Published online by Cambridge University Press: 27 December 2024
The three chapters in this section, written by Corine Wood- Donnelly, the Vegan Geography Collective (VGC) and Don Mitchell, reflect on the impact, opportunities and issues of working with justice in their respective fields. Throughout it is clear that justice needs constant engagement, both theoretically and materially, in order to ‘refill’ it as a concept and prevent the dangers that could arise from leaving it as an empty signifier. There is therefore a need for justice to be materialized through marginal and exploited agents, spaces and relations with engaging with the more- than- human acting as one route to challenge hegemonic constructions of justice. For the VGC, just research needs to challenge anthropocentric ideals through foregrounding a fluid and embodied multispecies justice.
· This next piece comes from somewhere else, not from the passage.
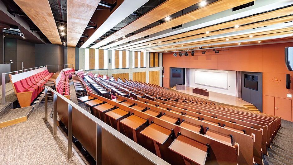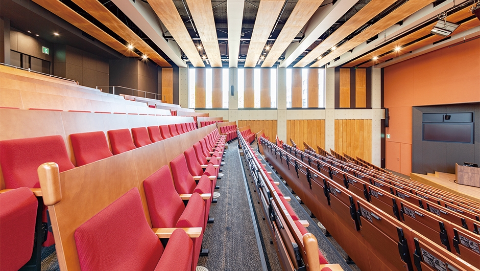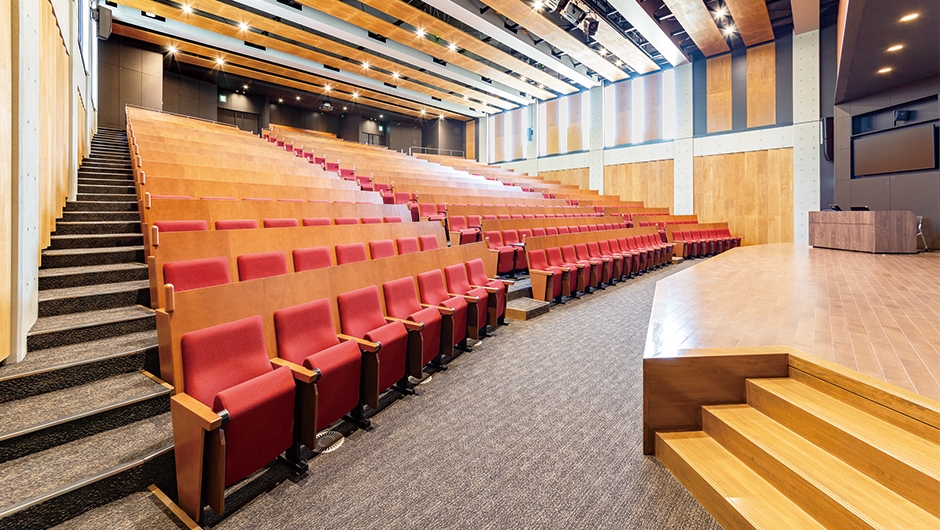 講義で利用されるほか、講演会や学外発表など大学の情報を発信する拠点となるAITADE HALLは、段床が約280mmと見通しが良く、落ち着いた空間となっています。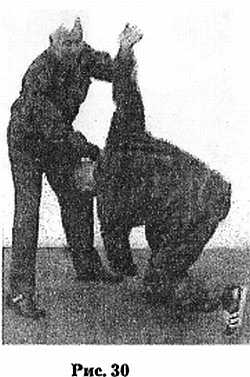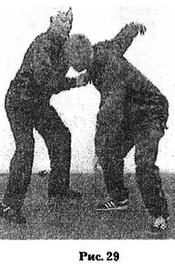 Затем наклоняем его корпус вперед для смещения проекции его вектора массы к краю площади опоры. Левой рукой захватываем правую руку противника в целях создания пары сил «горло – правая рука» (рис. 29).

Wood- Donnelly highlights the need for a space itself to have voice, reflecting on the necessary challenge that justice theories present to the common conceptual frameworks in International Relations, arguing that it poses critical questions of the who, why and what in a discipline where, ordinarily, the state is the unit of analysis.
Nonetheless, how justice is operationalized in these arenas is less explicit and, from their reflections, it is apparent that the practice of just research in different disciplines and epistemologies requires further consideration to continue responding to the challenge that justice does, and should, pose to us as reflexive researchers.